**Source data**
= Beginning of Section =
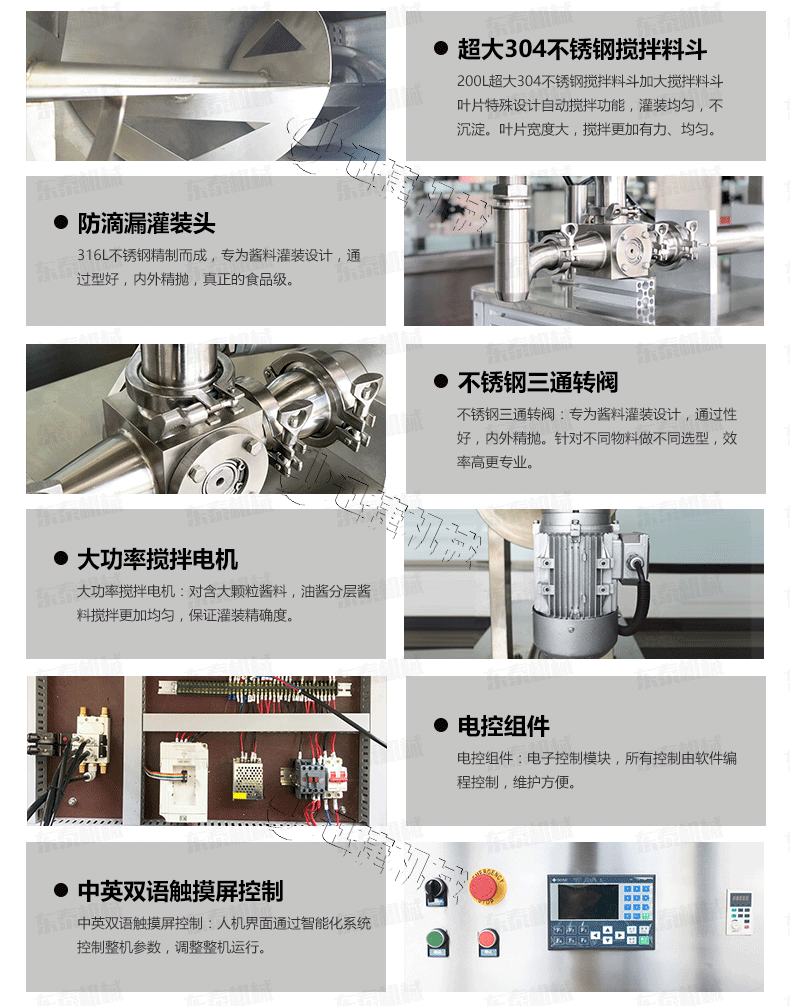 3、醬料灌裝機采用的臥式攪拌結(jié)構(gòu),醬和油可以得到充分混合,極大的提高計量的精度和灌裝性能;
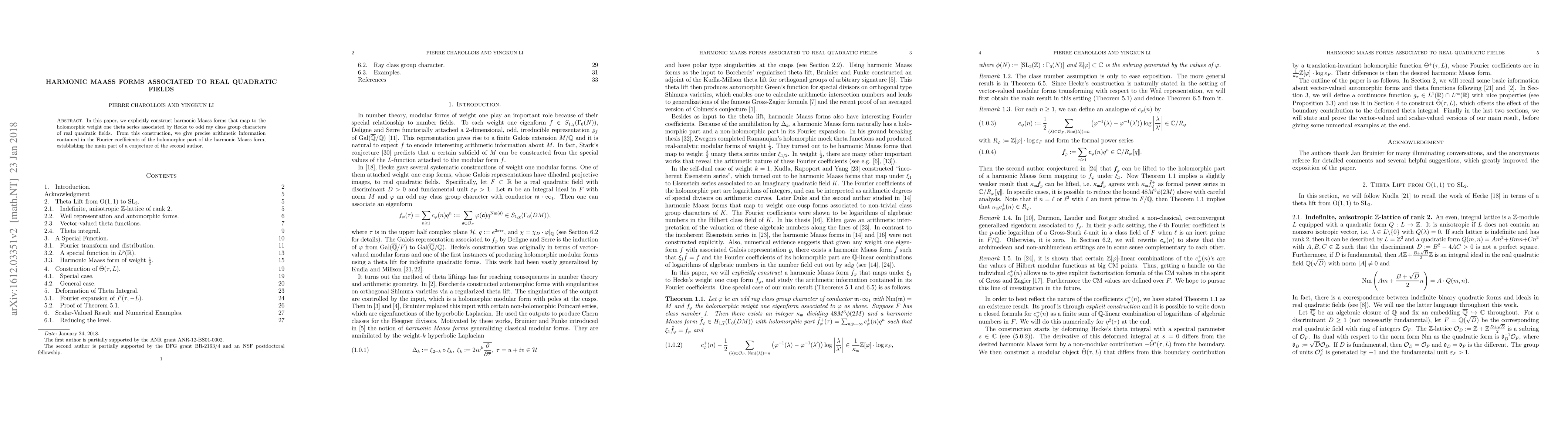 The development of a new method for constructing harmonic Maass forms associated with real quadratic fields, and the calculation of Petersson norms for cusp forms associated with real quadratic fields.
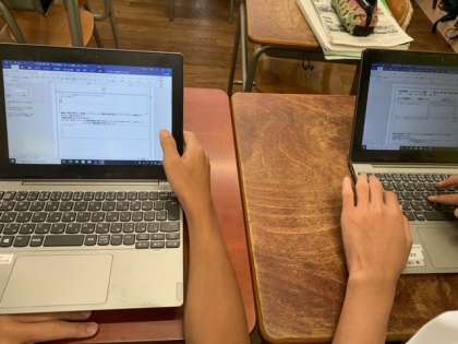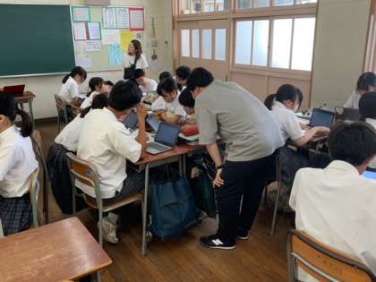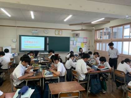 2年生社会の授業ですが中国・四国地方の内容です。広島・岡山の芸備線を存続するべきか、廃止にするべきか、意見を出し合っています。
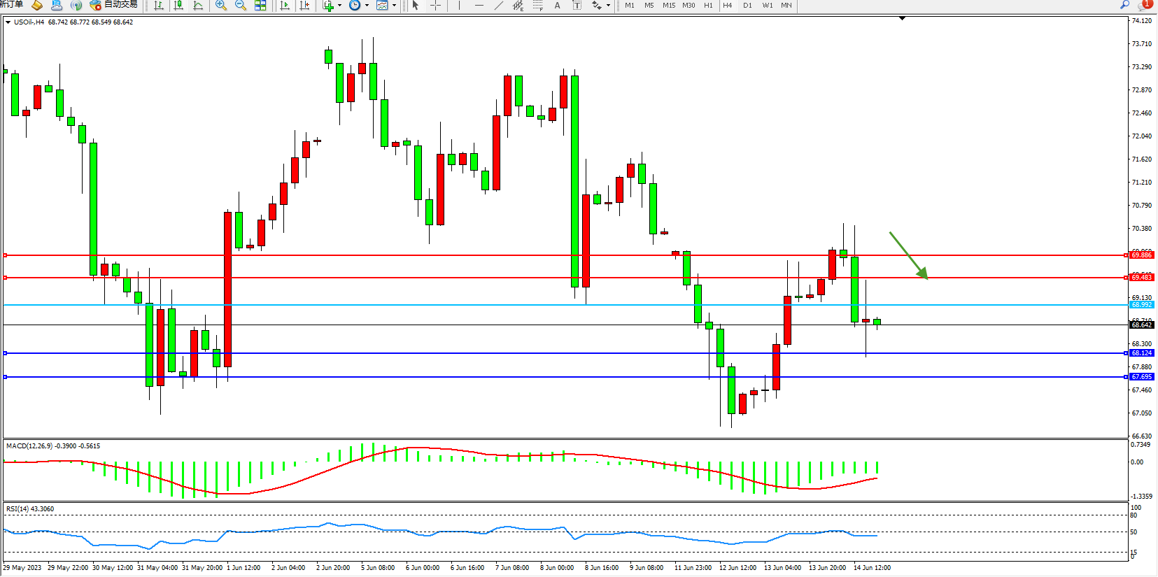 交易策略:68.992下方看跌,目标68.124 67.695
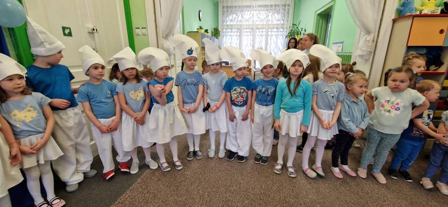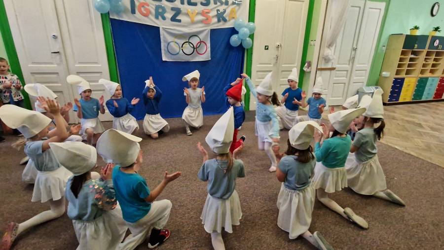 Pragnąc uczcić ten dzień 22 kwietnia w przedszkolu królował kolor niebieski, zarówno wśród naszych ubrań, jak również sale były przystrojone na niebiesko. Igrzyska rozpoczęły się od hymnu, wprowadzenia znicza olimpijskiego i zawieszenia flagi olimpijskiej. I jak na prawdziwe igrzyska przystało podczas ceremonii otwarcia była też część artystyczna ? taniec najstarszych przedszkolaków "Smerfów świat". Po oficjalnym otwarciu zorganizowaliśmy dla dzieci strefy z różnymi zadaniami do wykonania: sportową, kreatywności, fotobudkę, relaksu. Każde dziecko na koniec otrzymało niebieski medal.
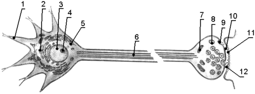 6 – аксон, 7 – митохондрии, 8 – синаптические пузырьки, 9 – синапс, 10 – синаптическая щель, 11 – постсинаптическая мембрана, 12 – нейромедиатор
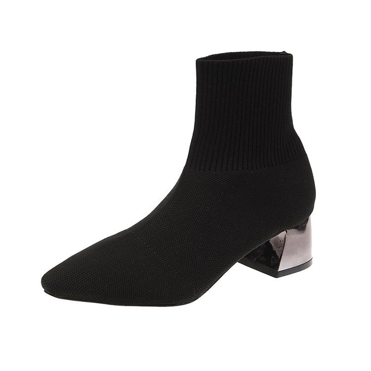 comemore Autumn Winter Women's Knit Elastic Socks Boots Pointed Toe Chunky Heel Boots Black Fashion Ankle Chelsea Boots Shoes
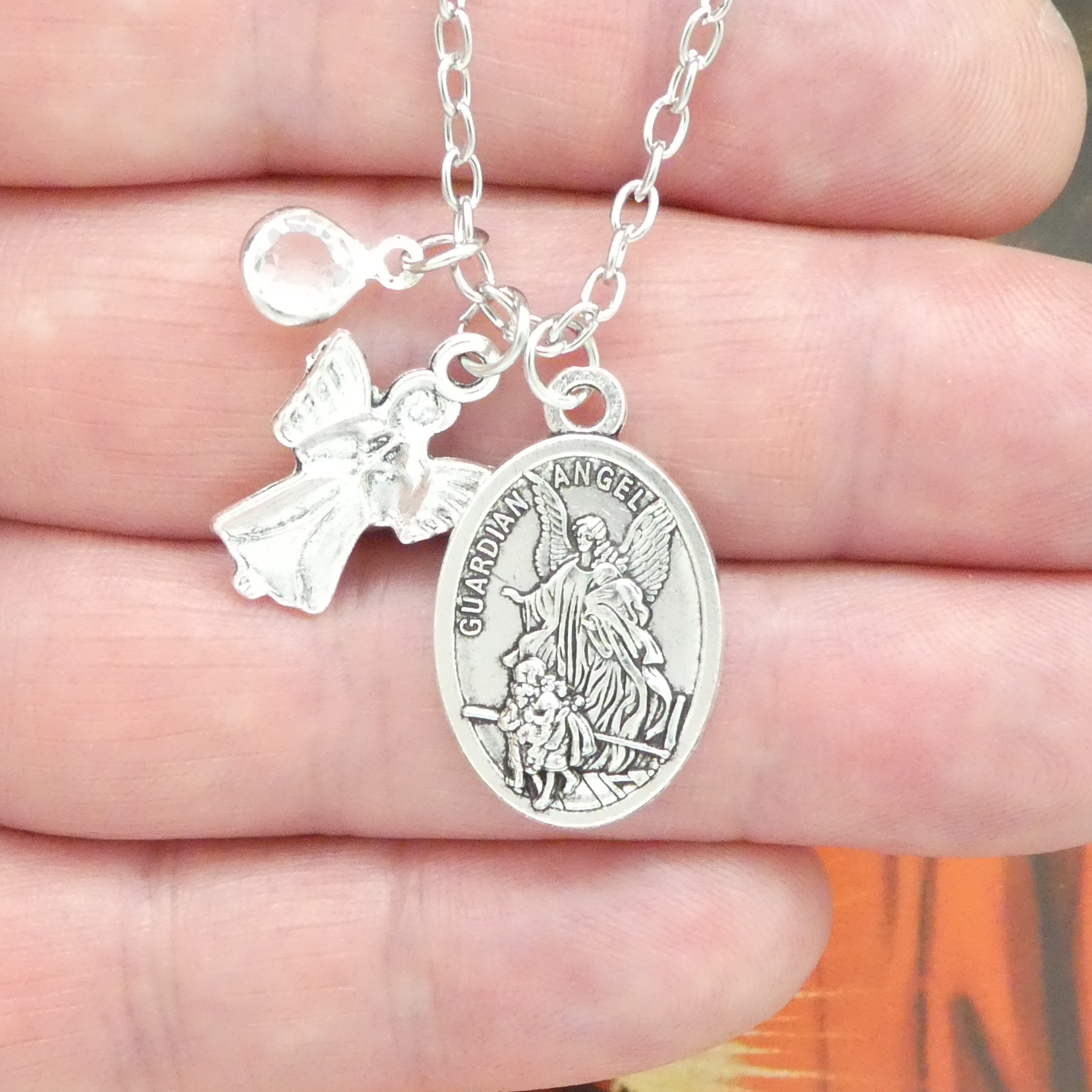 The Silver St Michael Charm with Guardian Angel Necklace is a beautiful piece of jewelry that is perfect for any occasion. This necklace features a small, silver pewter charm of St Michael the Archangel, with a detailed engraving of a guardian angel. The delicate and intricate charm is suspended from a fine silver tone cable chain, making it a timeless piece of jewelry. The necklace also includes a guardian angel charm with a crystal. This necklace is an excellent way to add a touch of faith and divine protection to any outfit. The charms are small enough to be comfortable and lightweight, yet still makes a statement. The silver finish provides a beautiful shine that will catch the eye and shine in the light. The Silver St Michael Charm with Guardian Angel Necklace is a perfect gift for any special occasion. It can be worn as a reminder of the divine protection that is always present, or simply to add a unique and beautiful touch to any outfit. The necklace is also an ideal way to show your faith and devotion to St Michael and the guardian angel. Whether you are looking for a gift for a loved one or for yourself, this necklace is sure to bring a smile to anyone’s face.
= End of Section =
= Beginning of Section =
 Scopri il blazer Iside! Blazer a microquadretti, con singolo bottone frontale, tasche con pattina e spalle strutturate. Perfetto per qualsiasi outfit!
= End of Section =
= Beginning of Section =
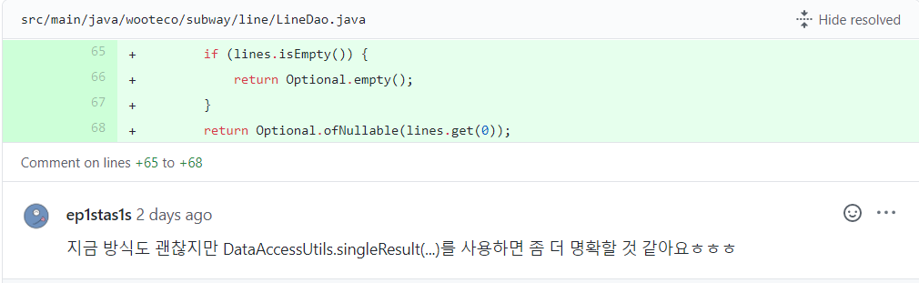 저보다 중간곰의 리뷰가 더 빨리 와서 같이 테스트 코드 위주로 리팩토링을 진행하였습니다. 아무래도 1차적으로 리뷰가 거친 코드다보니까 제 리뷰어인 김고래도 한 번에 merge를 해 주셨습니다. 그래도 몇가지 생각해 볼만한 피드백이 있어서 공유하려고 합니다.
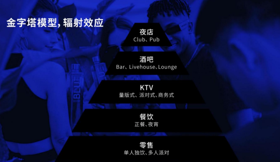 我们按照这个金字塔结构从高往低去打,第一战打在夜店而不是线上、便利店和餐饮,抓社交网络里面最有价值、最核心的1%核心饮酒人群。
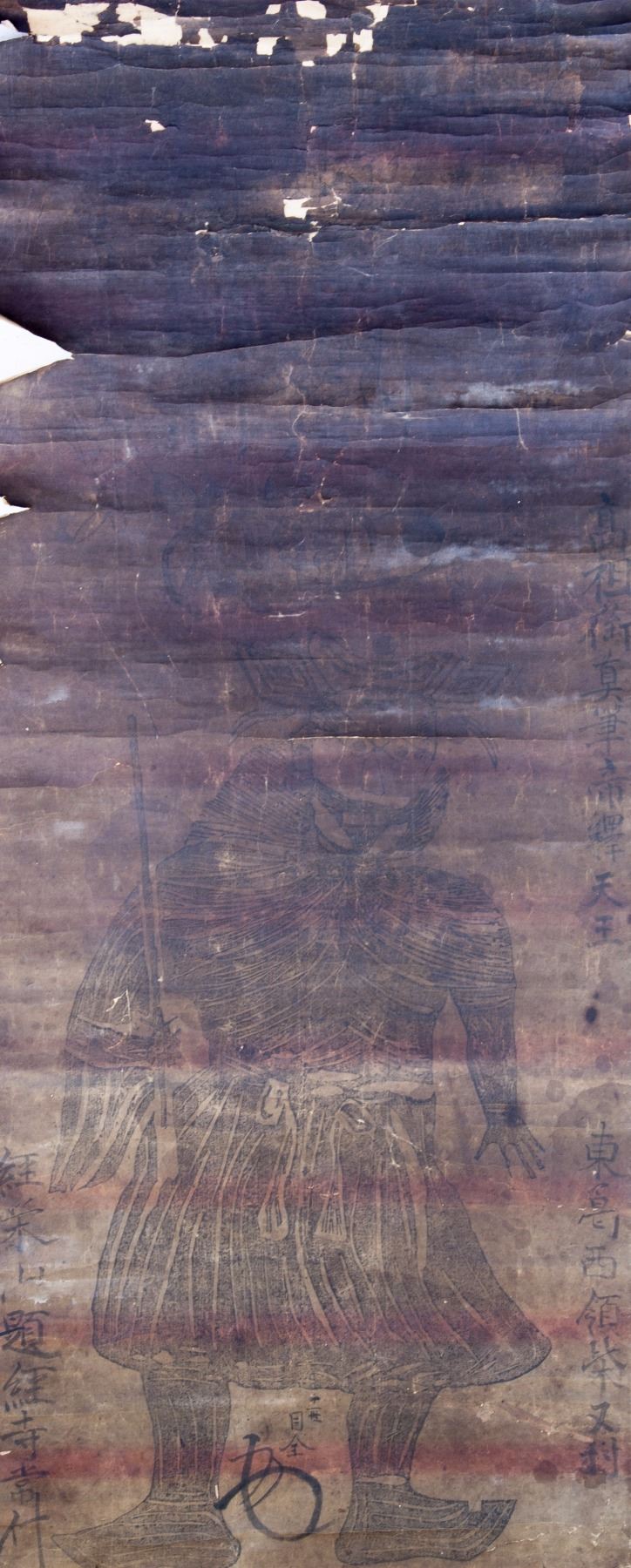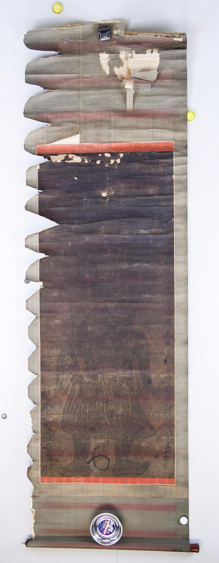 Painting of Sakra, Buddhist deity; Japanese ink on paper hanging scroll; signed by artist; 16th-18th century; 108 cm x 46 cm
= End of Section =
**Problem statement**
Transcribe only this stretch of the data: the line with "3、醬料灌裝機采用的臥式攪拌", the line with "comemore Autumn Winter", and every line in between. Leave out the pictures.

**Solution for this problem**
 3、醬料灌裝機采用的臥式攪拌結(jié)構(gòu),醬和油可以得到充分混合,極大的提高計量的精度和灌裝性能;
 The development of a new method for constructing harmonic Maass forms associated with real quadratic fields, and the calculation of Petersson norms for cusp forms associated with real quadratic fields.
 2年生社会の授業ですが中国・四国地方の内容です。広島・岡山の芸備線を存続するべきか、廃止にするべきか、意見を出し合っています。
 交易策略:68.992下方看跌,目标68.124 67.695
 Pragnąc uczcić ten dzień 22 kwietnia w przedszkolu królował kolor niebieski, zarówno wśród naszych ubrań, jak również sale były przystrojone na niebiesko. Igrzyska rozpoczęły się od hymnu, wprowadzenia znicza olimpijskiego i zawieszenia flagi olimpijskiej. I jak na prawdziwe igrzyska przystało podczas ceremonii otwarcia była też część artystyczna ? taniec najstarszych przedszkolaków "Smerfów świat". Po oficjalnym otwarciu zorganizowaliśmy dla dzieci strefy z różnymi zadaniami do wykonania: sportową, kreatywności, fotobudkę, relaksu. Każde dziecko na koniec otrzymało niebieski medal.
 6 – аксон, 7 – митохондрии, 8 – синаптические пузырьки, 9 – синапс, 10 – синаптическая щель, 11 – постсинаптическая мембрана, 12 – нейромедиатор
 comemore Autumn Winter Women's Knit Elastic Socks Boots Pointed Toe Chunky Heel Boots Black Fashion Ankle Chelsea Boots Shoes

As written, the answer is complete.